De zitting vond plaats op 31 maart 2025, waarbij de verzoeker, zijn gemachtigde mr. D.H. Yabasun, en de gemachtigde van de minister, mr. A.N. Sap, aanwezig waren. Tijdens de zitting is het verzoek om een voorlopige voorziening behandeld, maar de voorzieningenrechter heeft op dezelfde dag uitspraak gedaan in een andere zaak (NL25.9804) die verband hield met het beroep van de verzoeker.

Aangezien de rechtbank in die andere zaak uitspraak had gedaan, was er geen noodzaak meer voor een voorlopige voorziening. De voorzieningenrechter heeft daarom het verzoek om voorlopige voorziening afgewezen en er is geen aanleiding voor een proceskostenveroordeling.

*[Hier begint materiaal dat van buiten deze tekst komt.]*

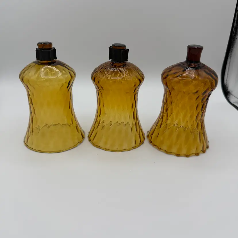 Vintage Amber Glass Peg Votive Holders - Sconce Peg Votive Holders - Set of 3 - Diamond point Design Pattern. Textured Glass Creates a Unique Glow When a Candle Is lit Inside. MCM 5" H X 3 1/4" W. No Chips or Cracks.
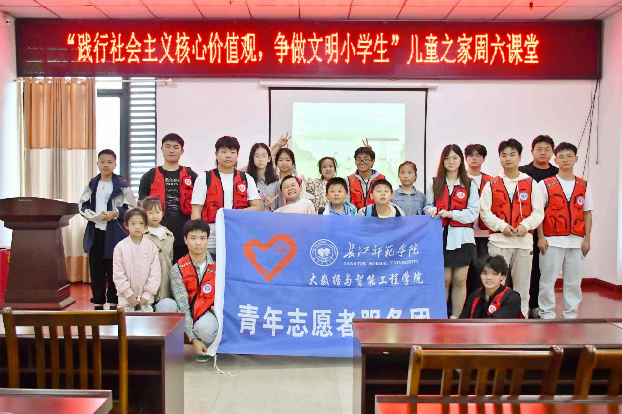 课堂结束后,志愿者们与小朋友们合影留念,记录下美好的瞬间。随后,志愿者们和小朋友们整理好桌椅,有序地离开活动现场。
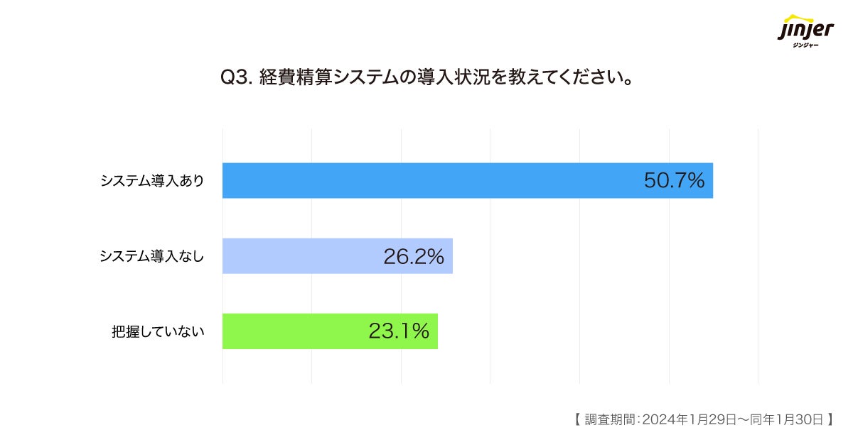 「経費精算システムの導入状況を教えてください」という質問に対し、「システム導入あり」が50.7%、「システム導入なし」が26.2%、「システムの導入状況を把握していない」という回答が23.1%となりました。
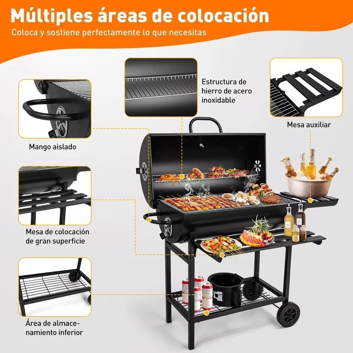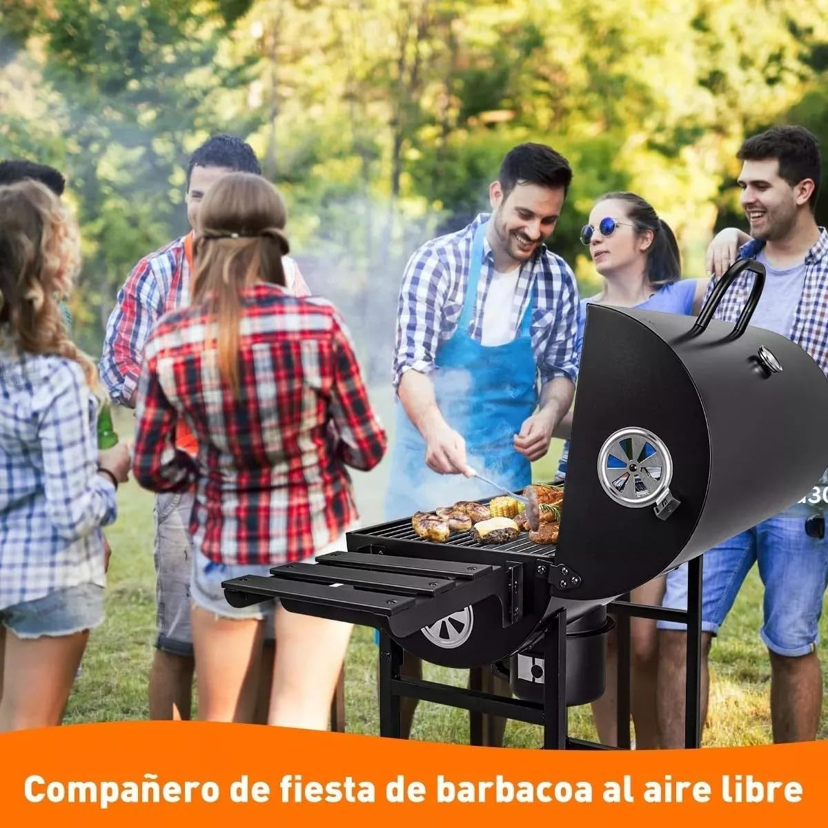 Asador de Carbon con Funda Antipolvo y Cepillo, Parrilla de Carbón con Temperatura Controlada en Forma de Barril, Parrilla de Patio Trasero Fiesta Barbacoa, Camping Grill Doble Capa
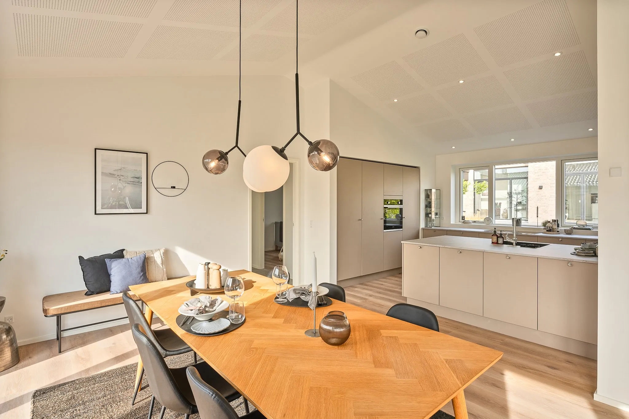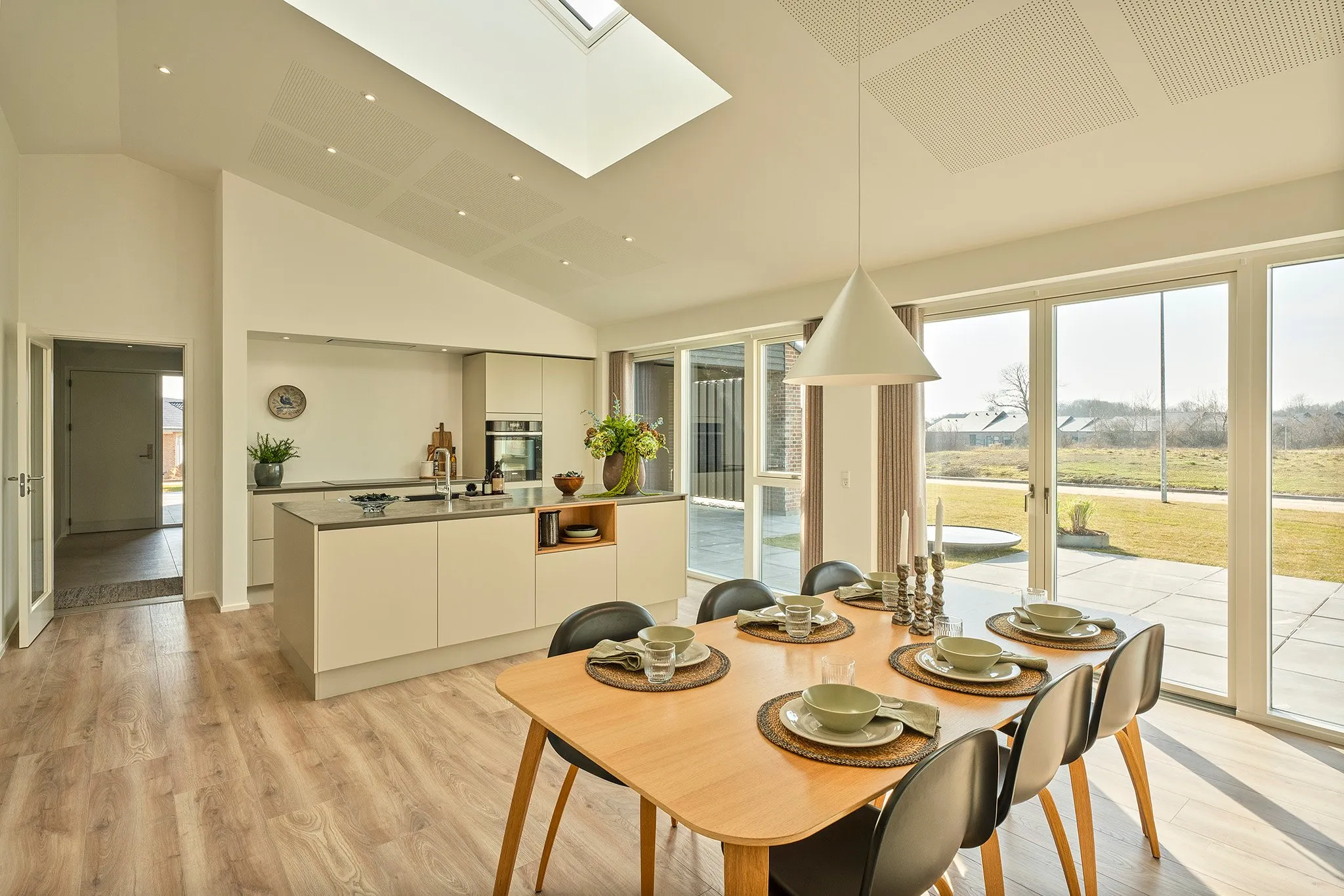Skålofter fra entréen til køkken-alrum og et ovenlysvindue der bringer dagslys ind, og skaber en stemning af varme og velvære.
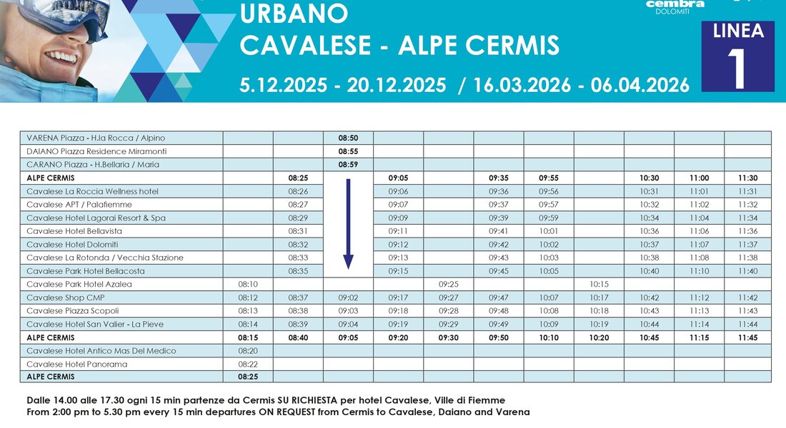 Servizio GRATUITO per i possessori di Fiemme Cembra Guest Card e Trentino Guest Card.
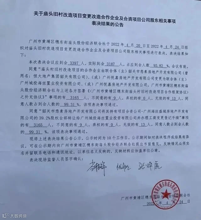 此次表决的主要目的,就是将恒大在庙头旧改所有股权装入“恒大+城投”联合控制的公司中。
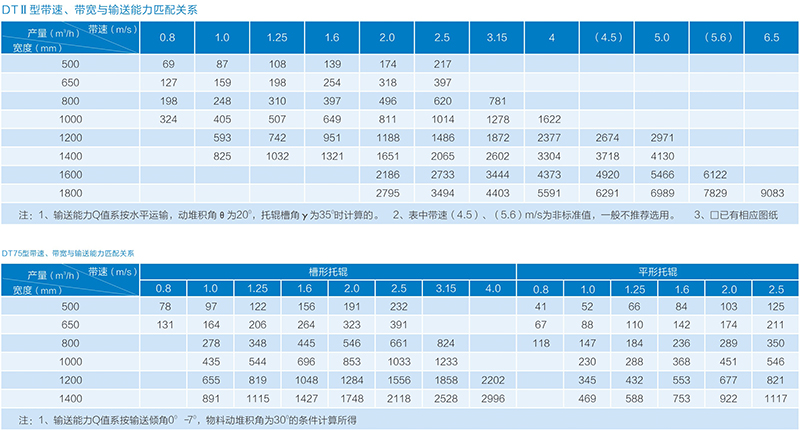 概述 TDⅡ型、TD75型固定带式输送机是通用型系列产品,可广泛用于冶金、矿山、煤炭、港口、电站、建材、化工、轻工、石油等各个行业。根据输送工艺的要求,可以单机输送,也可多台或与其它输送机组成水平或倾斜的输送系统。可输送松散密度为0.5-2.5t/m3的各种散装物料及成件物品。 适用的工作环境温度一般为-25~+40℃。对于在特殊环境中工作的带式输送机,如要具有耐热、耐寒、防水、防腐、防爆等条件,可另行采取相应的防备措施。输送机允许输送的物料块度取决于带宽、带速、槽角和倾角。当输送硬岩时,带宽超过1200mm后,一般应限制在350mm以内,而不能随带宽的增长而加大。 产品特点 ·结构简单。主要由传动滚筒、改向滚筒、托辊或无托辊部件、驱动装置、制动装置、输送带等几大部件组成。其组成部件少,通用性强,便于标准化生产,可按需要组合装配。 ·输送物料范围广泛。带式输送机的输送带可根据输送物件的特性,制造成具有抗磨、阻燃、耐腐蚀、耐高低温等各种性能要求的输送带,因而能输送各种散料、块料、化学品等。 ·输送量大。运量可从每小时几千克到几千吨,而且是连续不间断运送,这是其他运输设备无法比拟的。 ·运距长。单机长度可达十几千米一条,中间无需任何转载点。当使用中间摩擦驱动方式,可使输送长度大幅度增加。 ·装卸料十分方便。根据生产工艺需要,在任何点上进行装、卸料,还可在回程段上装、卸料,进行反向运输。
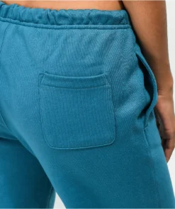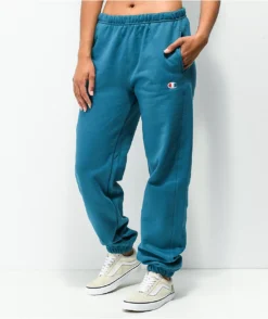 The Champion Reverse Weave boyfriend fit teal sweatpants have a loose, oversized silhouette, with two onseam hand pockets and a rear right patch pocket. These athletic sweats have a double needled construction for longer lasting wear, and a reverse weave fabrication that helps to hold the sweats’ shape better over time.
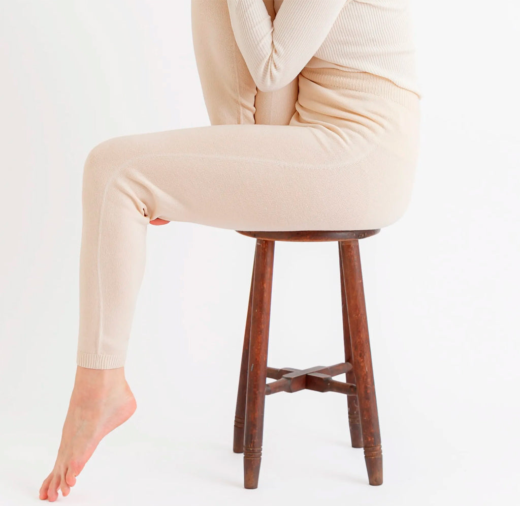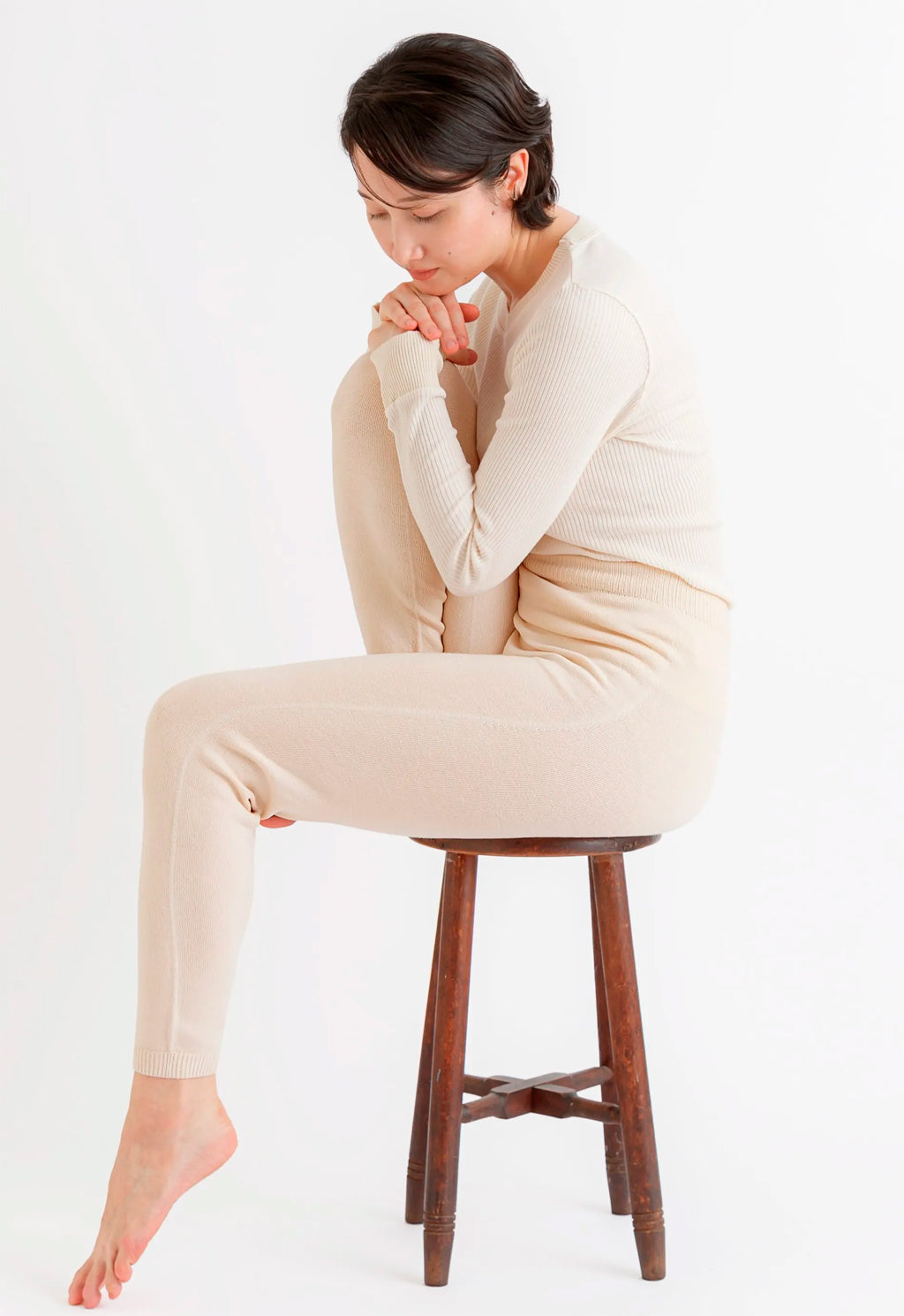 縫い目がないので素肌に直接履いてもゴワつきがなく、リラックスタイムにも気持ちの良いニットパンツです。着用すると見た目よりもしっかりと伸びてくれます。

De uitspraak is gedaan door mr. A.S. Gaastra, in aanwezigheid van griffier mr. S.M. Hampsink, en is openbaar gemaakt. Tegen deze uitspraak staat geen hoger beroep of verzet open.

Uitspraak

RECHTBANK DEN HAAG
Zittingsplaats Arnhem
Bestuursrecht
zaaknummer: NL25.9805

uitspraak van de voorzieningenrechter van 30 april 2025 in de zaak tussen

[verzoeker], v-nummer: [nummer], verzoeker

(gemachtigde: mr. D.H. Yabasun),
en

de minister van Asiel en Migratie

(gemachtigde: mr. A.N. Sap).

Inleiding

1. Verzoeker heeft een aanvraag ingediend tot het verlenen van een verblijfsvergunning asiel voor bepaalde tijd ingediend. De minister heeft met het bestreden besluit van 24 februari 2025 deze aanvraag afgewezen als kennelijk ongegrond. Verzoeker heeft hiertegen beroep ingesteld en de voorzieningenrechter gevraagd om een voorlopige voorziening te treffen.
1.1.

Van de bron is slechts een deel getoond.